-- DATA EXTRACT follows --

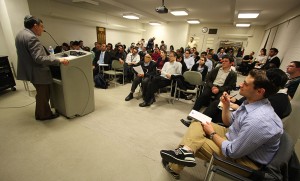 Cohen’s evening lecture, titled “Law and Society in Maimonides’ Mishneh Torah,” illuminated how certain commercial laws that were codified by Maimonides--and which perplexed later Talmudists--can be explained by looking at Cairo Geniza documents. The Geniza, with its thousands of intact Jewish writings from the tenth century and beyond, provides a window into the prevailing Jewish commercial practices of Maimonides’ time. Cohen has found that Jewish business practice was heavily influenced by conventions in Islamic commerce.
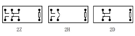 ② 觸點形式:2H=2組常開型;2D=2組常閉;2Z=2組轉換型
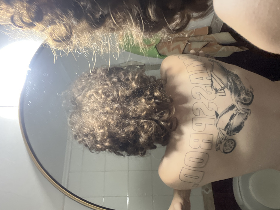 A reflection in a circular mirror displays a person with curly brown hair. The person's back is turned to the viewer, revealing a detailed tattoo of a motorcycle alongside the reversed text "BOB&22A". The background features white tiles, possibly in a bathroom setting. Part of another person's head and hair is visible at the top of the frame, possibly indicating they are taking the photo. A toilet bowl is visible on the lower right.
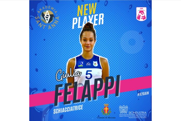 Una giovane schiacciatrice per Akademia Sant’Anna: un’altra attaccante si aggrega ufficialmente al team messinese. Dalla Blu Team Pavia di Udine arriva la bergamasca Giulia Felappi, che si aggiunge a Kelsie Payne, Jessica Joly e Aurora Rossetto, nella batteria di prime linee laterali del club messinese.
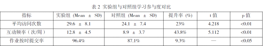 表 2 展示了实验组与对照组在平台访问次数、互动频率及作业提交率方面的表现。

-- DATA EXTRACT concluded --
-- DATA EXTRACT follows --

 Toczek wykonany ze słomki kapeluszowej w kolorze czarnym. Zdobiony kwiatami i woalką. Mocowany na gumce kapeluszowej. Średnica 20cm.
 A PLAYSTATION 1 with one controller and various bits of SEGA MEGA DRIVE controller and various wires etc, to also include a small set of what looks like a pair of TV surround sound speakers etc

-- DATA EXTRACT concluded --
-- DATA EXTRACT follows --

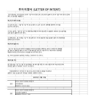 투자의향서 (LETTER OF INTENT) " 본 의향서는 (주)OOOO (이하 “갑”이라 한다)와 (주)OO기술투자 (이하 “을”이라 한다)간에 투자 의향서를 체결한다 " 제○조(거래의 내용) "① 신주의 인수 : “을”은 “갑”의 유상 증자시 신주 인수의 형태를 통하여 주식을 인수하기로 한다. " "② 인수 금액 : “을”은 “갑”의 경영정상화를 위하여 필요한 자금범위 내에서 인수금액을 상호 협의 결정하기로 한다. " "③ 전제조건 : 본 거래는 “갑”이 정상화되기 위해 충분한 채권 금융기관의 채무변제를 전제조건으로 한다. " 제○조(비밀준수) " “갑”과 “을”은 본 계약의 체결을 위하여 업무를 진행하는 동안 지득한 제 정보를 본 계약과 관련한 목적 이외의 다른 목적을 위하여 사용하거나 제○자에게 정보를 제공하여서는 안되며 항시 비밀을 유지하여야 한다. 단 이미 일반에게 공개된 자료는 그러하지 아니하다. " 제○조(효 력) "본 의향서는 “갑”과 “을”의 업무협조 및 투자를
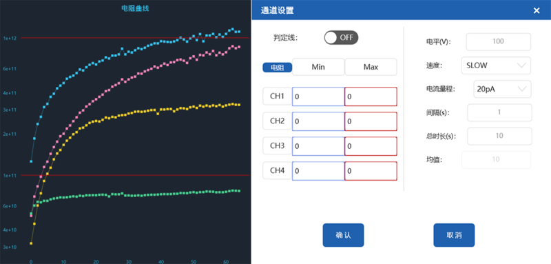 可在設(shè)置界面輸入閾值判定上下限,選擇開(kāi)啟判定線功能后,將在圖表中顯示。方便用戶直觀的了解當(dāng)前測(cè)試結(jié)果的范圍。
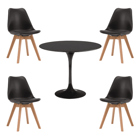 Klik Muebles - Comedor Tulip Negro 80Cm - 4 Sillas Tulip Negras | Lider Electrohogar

-- DATA EXTRACT concluded --

Beginning with the line holding "Toczek wykonany ze" and ending with the line holding "A PLAYSTATION 1", write out the stretch of material above exactly; add no further lines.

 Toczek wykonany ze słomki kapeluszowej w kolorze czarnym. Zdobiony kwiatami i woalką. Mocowany na gumce kapeluszowej. Średnica 20cm.
 A PLAYSTATION 1 with one controller and various bits of SEGA MEGA DRIVE controller and various wires etc, to also include a small set of what looks like a pair of TV surround sound speakers etc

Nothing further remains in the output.